The standard bot setup requires read/write access to your database. Patterns needs to create tables for persisting result sets from analyses, when connecting Patterns to a new database these tables will be created in it's own namespace.

No writable database, need help setting up?

Don't have a data warehouse to connect? Need help setting one up? We provide full-service implementation, data source setup, and data modeling.

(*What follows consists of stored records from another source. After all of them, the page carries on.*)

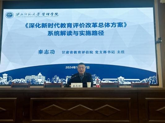 2024年10月17日上午,为更好地迎接本科公司产品评估,韦德体育在致公楼C座7楼学术报告厅召开了全体教职工政治理论学习大会。本次活动旨在深入理解《深化新时代教育评价改革总体方案》,系统认识本科公司产品评估的重要性和具体要求,为做好本科公司产品评估提供具体指导。公司特别邀请了甘肃省教育装备办公室(甘肃省教育评估院)党支部书记、主任秦志功,为全院教师作了题为“《深化新时代教育评价改革总体方案》系统解读和实施路径”的专题辅导,报告会由公司党委书记张强教授主持,韦德体育全体教职工参加学习。
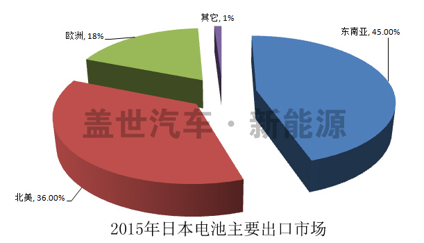 2015年,日本進(jìn)口的電池主要由東南亞、北美、歐洲的國家和地區(qū)生產(chǎn)。
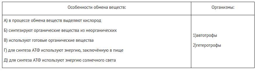9. Установите соответствие между организмами и особенностями обмена веществ, характерными для них
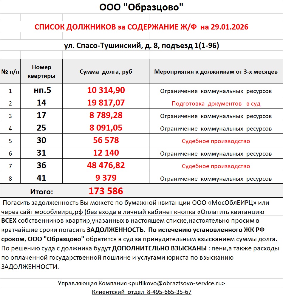 Список должников по коммунальным платежам Спасо-Тушинский бульвар, 8
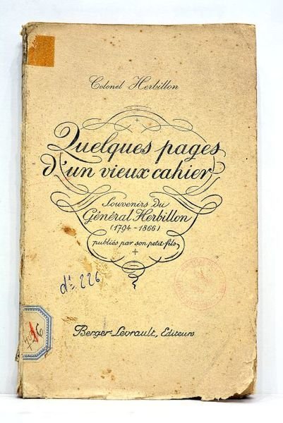 Quelques pages d'un vieux cahier. Souvenirs du Général Herbillon (1794-1866). Publiés par son petit-fils.
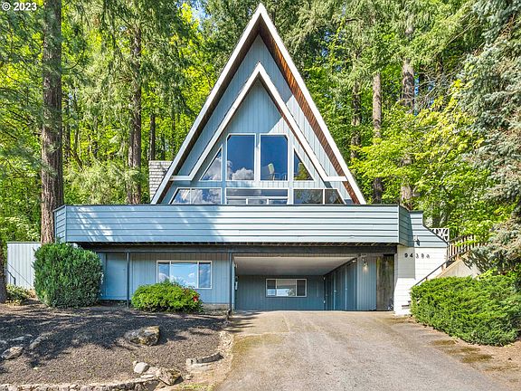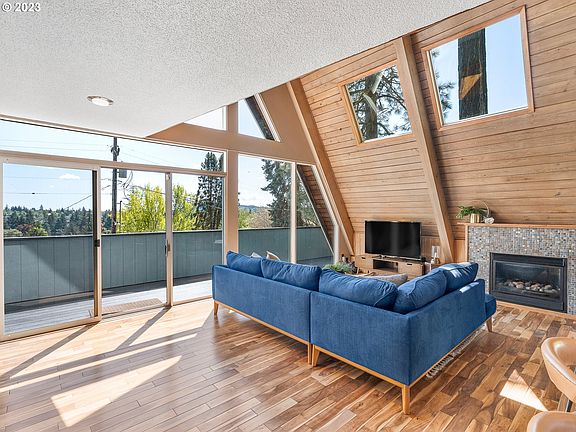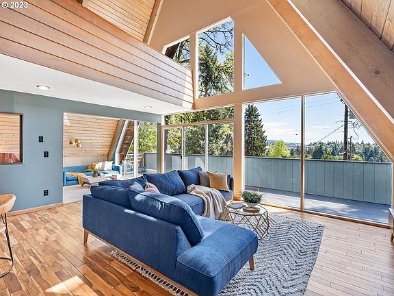 Architecturally stunning A-Frame that tickles the trees of Rocky Butte amplifying authenticity. Respectfully remodeled paying homage to the chalet. Upstanding updates w/period like finishes. Spectacular southern views w/peaks of Downton Portland from the expansive wall of windows and wrap around 1,000+ sqft deck. Beamed Ceilings, stunning skylights, walls of windows, wonderful wood paneling, handsome hardwoods. Sexy staircase and lovely loft. The layout allows for 2 separate living spaces w/3 bed/2 bath upstairs & 1 bed/1 bath w/ full kitchen in downstairs daylight basement. ADU received rents upwards of $2,300 this past year. Main home has rented for $4000-$4400/month. Built by local Architect William Wayman for himself.

Please inquire here for more information.

Managing Table Access

After your database is connected, you will be asked to choose available Tables for your AI Analyst through the Table Manager.

Table manager

Tables can be hidden from the Agent if they are not intended to be queried; this is common in the case when the Table is part of a larger data pipeline and only intended as an intermediate representation of data.

You can access the Table manager anytime by clicking here:

Table context

In addition to being queryable, Tables also provide your AI Analyst with context for improved query performance. Context includes the Tables schema, readme, and a sample of the data.

Implied context

  • Schema - a simple representation of all a tables columns and types.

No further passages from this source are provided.